Die Liste einfach auf der Konsole auszugeben ist kein Problem. Schwierigkeiten bereitet jedoch die Ausgabe der kompletten Liste in einer Datei. Wenn ich das Programm ablaufen lasse, wird zwar die Datei erzeugt, jedoch ist immer nur der letzte Dateiname des Verzeichnisses in der Liste aufgeführt. Ich vermute, es liegt daran, dass für jeden Dateinamen eine neue Datei erstellt wird, wobei die vorhergehende immer überschrieben wird.

Ich denke, dass das Problem in der for-Schleife liegt. Vielleicht ist aber mein Ansatz auch ganz falsch. Ich bin eben Neuling. Würde mich über schnelle Hilfe freuen. Am besten wäre eine konkrete Verbesserung, damit das Programm wie gewünscht arbeitet.

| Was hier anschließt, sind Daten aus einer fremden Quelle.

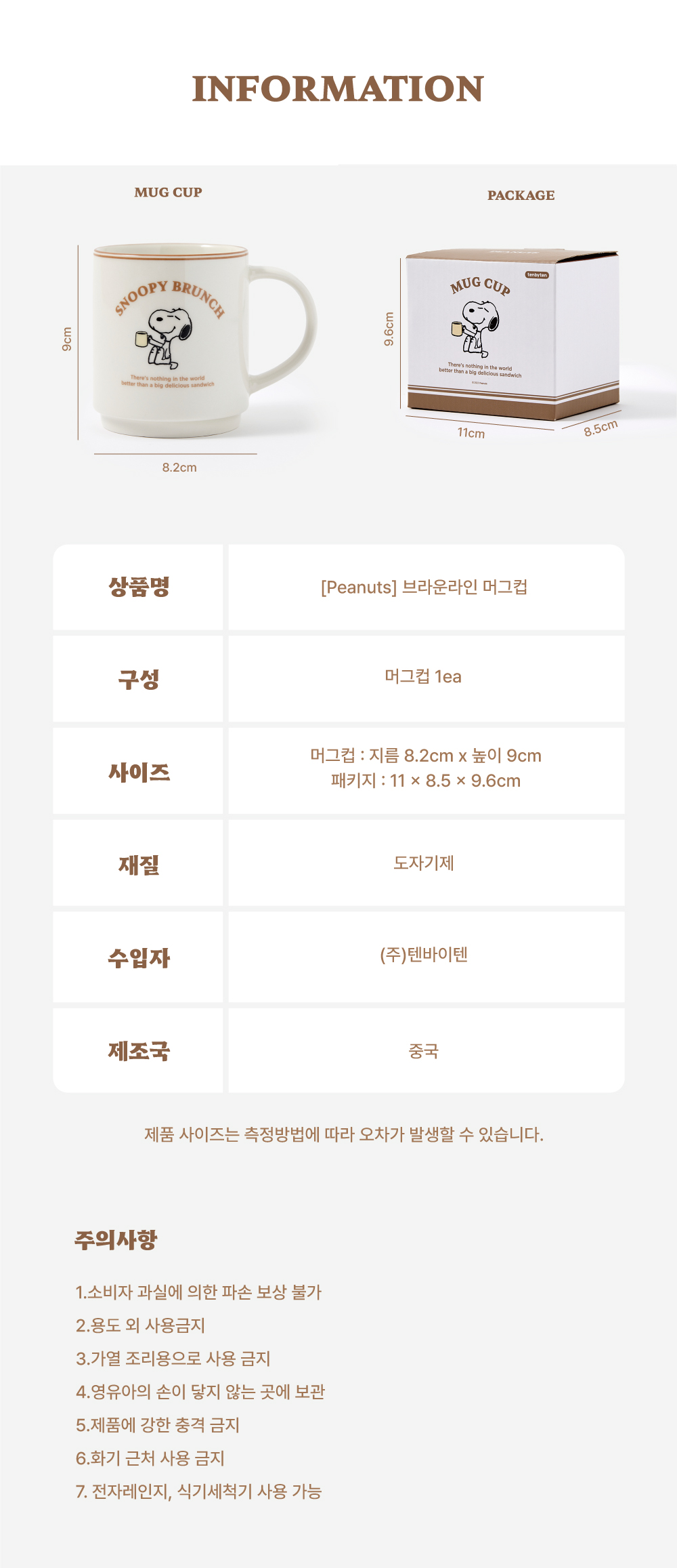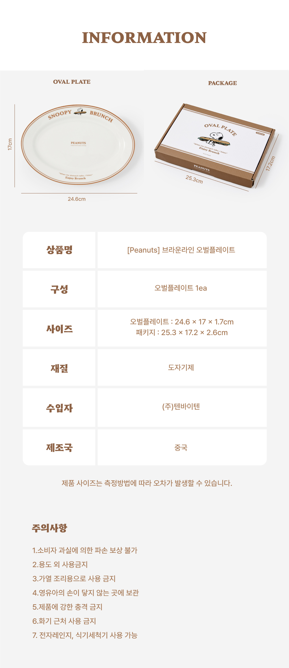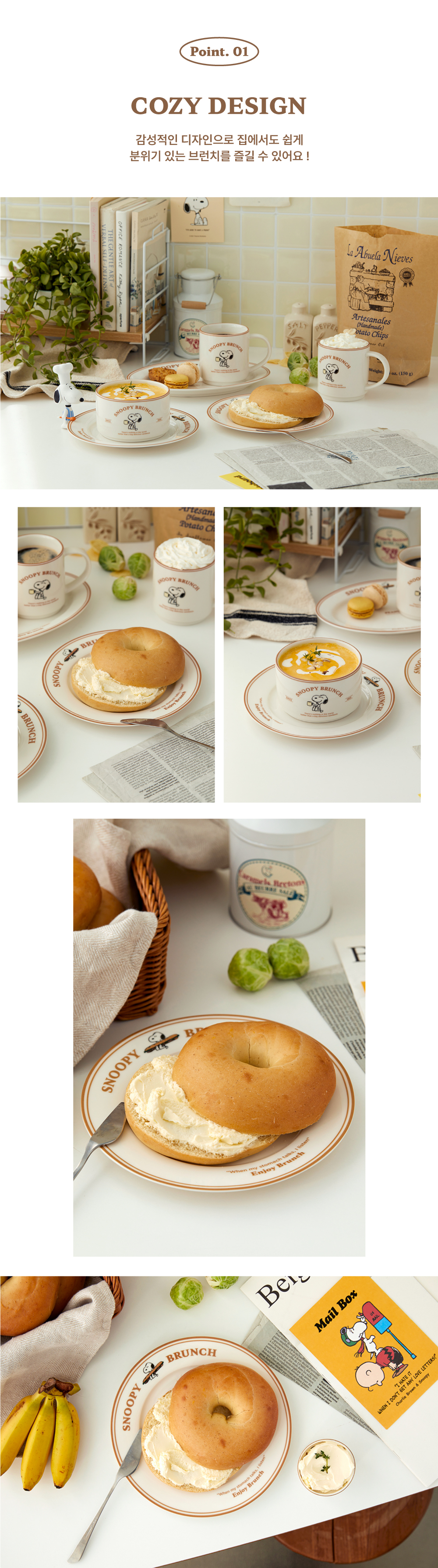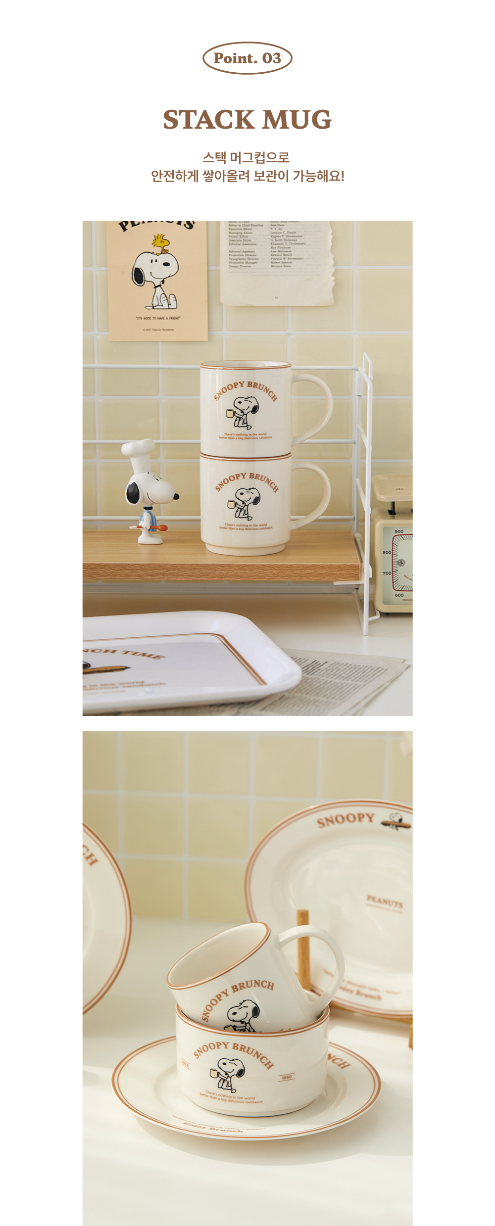 스누피 브라운 라인 브런치 세트(머그컵+오벌 플레이트+원형 플레이트)

Hier ist das fehlerhafte Programm:



> import java.io.*;
> 
> public class DateinamenLesenUndInDateiSchreiben {
> public static void main(String[] args) {
> ...


_

Vielen Dank und herzliche Grüße!_


----------



## AmunRa (25. Mai 2008)

Setze den Printwriter vor die For-schleife und
den close()- Befehl danach
müsste funktionieren


----------



## Wanderbart (25. Mai 2008)

Hat funktioniert!!! Vielen Dank auch.


----------